Can a brain injury occur even without sustaining a direct blow to the head?

Yes, something such as ‘Whiplash’ an injury that is a violent shaking of the head can cause a brain injury. Sudden movement of the brain inside the cranium potentially causes damage to neurons and other brain structures and may cause blood vessels to tear. Sudden acceleration-deceleration of the head in an automobile collision, even with airbag deployment where the head is protected from striking a solid object, can cause brain injury because the brain may still slam against the inside of the skull, displacing, tearing, and bruising nerve cells and other tissues. This causes loss of communication within neural networks, and loss of integrity in how the brain has been managing its familiar cognitive and behavioral ways of doing things.

 

What are typical functional consequences of a traumatic brain injury?
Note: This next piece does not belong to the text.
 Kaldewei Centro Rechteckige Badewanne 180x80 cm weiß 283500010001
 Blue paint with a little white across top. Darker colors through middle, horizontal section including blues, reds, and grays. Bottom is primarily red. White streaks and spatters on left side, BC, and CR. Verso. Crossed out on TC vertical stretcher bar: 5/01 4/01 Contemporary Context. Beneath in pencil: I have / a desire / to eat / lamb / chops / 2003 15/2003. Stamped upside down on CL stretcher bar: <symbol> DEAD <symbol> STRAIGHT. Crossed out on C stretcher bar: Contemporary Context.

Thinking and motor skills become slow, selective memory becomes unreliable, attention and concentration may become haphazard and social behaviors can alter, such as being uninhibited or even childlike. Generally, the greater the damage is the more widespread and severe the symptoms will be. The brain simply cannot process electrochemical information as efficiently as it used to. Thinking takes more time because it is subject to errors caused by unfamiliar neural detours around damaged neurons. Judgment and decision making may be faulty because the complex interrelated brain connections are not available to the person now in the way they were before the injury.

Individuals sometimes sense incomplete mental processing and lose confidence in thinking. Complex or unfamiliar tasks may become frustrating and discouraging, as thinking no longer yields insights or flexibility in solving problems. Irritability prevails, as the individual attempts to cope with a brain that seems always to function in a mental fog.
A host of complicating cognitive, emotional and social reactions can evolve. Symptoms usually respond to rehabilitation.  Methods for helping the individual learn effective self-awareness and coping strategies to deal with the cognitive and behavioral challenges and to minimize frustration and negative emotional responses. Traumatic brain injury also increases risk factors for developing psychiatric disorder or dementia.


 

Why does a brain injury produce different outcomes in individuals?
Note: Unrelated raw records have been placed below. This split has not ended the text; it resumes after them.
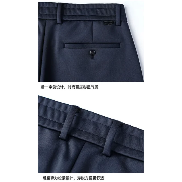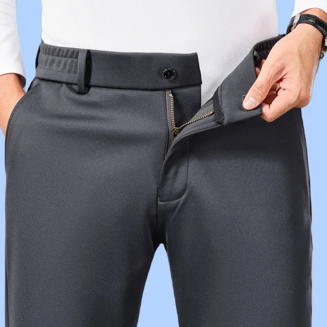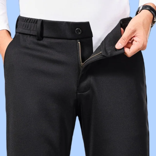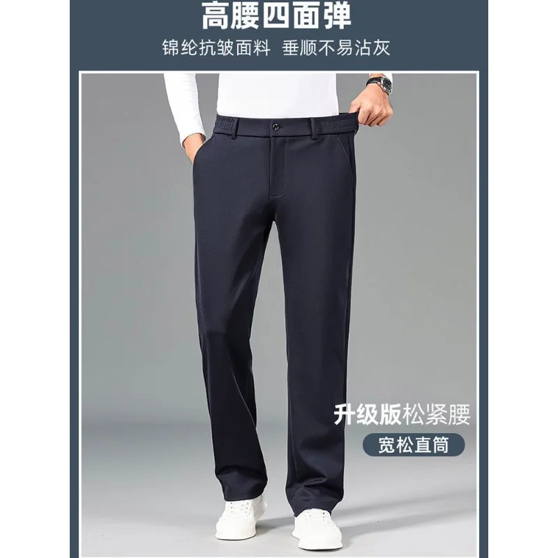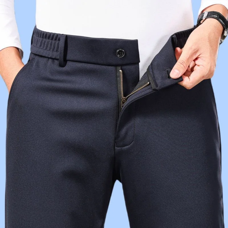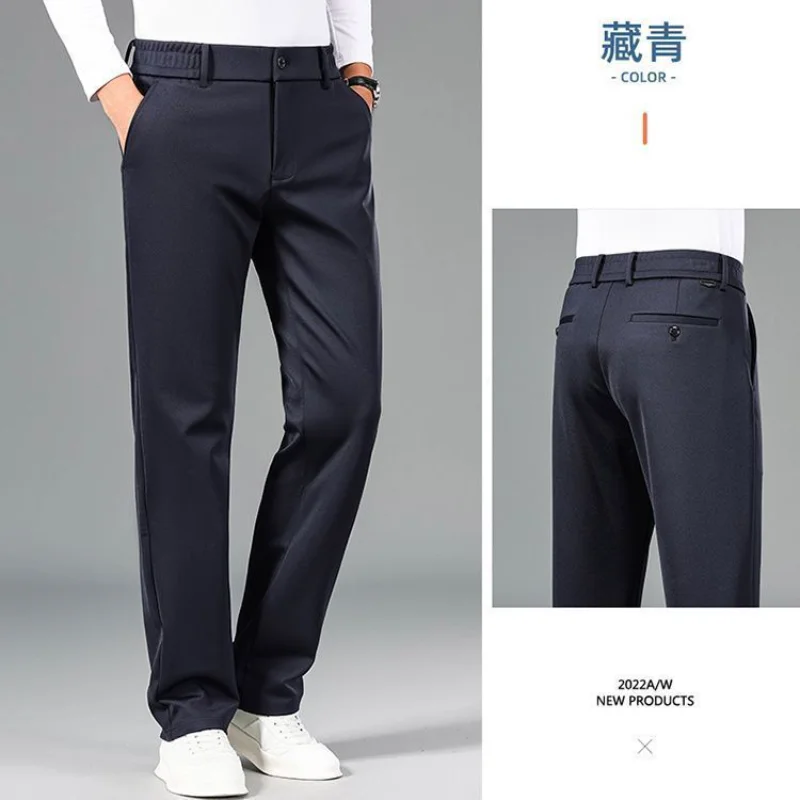 Thi Woolen Velvet Men's Busin Casual Straight Leg Pants Anti-Wrinkle Iron-Free Autumn Winter Long Trousers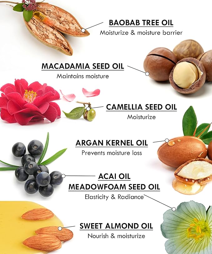 - ✅ 7 FACIAL OIL BLENDS. Infused with baobab tree, macadamia seed, camellia seed, argan kernel, Asian palm fruit, meadowfoam, and sweet almond oils, this face cleansing oil fortifies the skin moisture barrier to enhance its moisture retention ability and provides optimal hydration.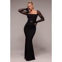 ​A true showstopper for unforgettable evenings, the Goddiva Dobby Mesh Feather Sleeve Evening Maxi Dress in black embodies pure sophistication with a seductive edge. Designed with a flattering square neckline and bodycon fit, the silhouette sculpts and enhances while exuding effortless glamour. Long sheer mesh sleeves are adorned with a delicate polka dot pattern, finished with dramatic feather trims that bring a playful yet luxurious twist. A sleek satin waistband cinches the figure, flowing into a sultry mermaid hem for that red carpet worthy finish. The timeless black hue makes it a versatile choice for black tie events, glamorous date nights or nights out with an ultra chic dress code. With its expensive look and accessible price point, this limited edition piece promises an alluring presence every time. A dress to wear once and rewear for multiple occasions, redefining modern evening wear with an unapologetically feminine touch.​ - Manufacturers part number: Goddiva_

Just as no two people are alike in behavior and personality, no two brain injuries are exactly alike.A TBI manifests itself depending on a host of factors such as native intellectual capacity, developmental experience, physical health, age, emotional and personality resources, social supports, concurrent (non-brain) injuries, quality of immediate medical attention following an injury, psychological adjustment or maladjustment, and a host of other factors. Also, just as the amount of physical injuries such as broken bones, soft tissue contusions, or lacerations may vary among individuals involved in accidents, so do the amount and kind of head rotation, impact speed, and other physical factors that determine the specific nature and consequences of the TBI.
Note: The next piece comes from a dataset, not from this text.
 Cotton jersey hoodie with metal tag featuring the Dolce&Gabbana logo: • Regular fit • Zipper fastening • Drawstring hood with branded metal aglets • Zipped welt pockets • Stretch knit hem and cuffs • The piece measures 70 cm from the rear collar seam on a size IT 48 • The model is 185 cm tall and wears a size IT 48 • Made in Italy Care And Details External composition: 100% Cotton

What effect does pain have on the experience of Traumatic Brain Injuries?

Pain often accompanies a TBI due to head and neck soft tissue injury, cervical strain and spinal injuries. Chronic pain and suffering (and medications one might take for this) certainly diminishes one’s concentration, stamina, and emotional well-being. A comprehensive examination must consider pain and discomfort factors as well as cognitive, behavioral, and emotional factors in the overall clinical presentation and the potential for recovery.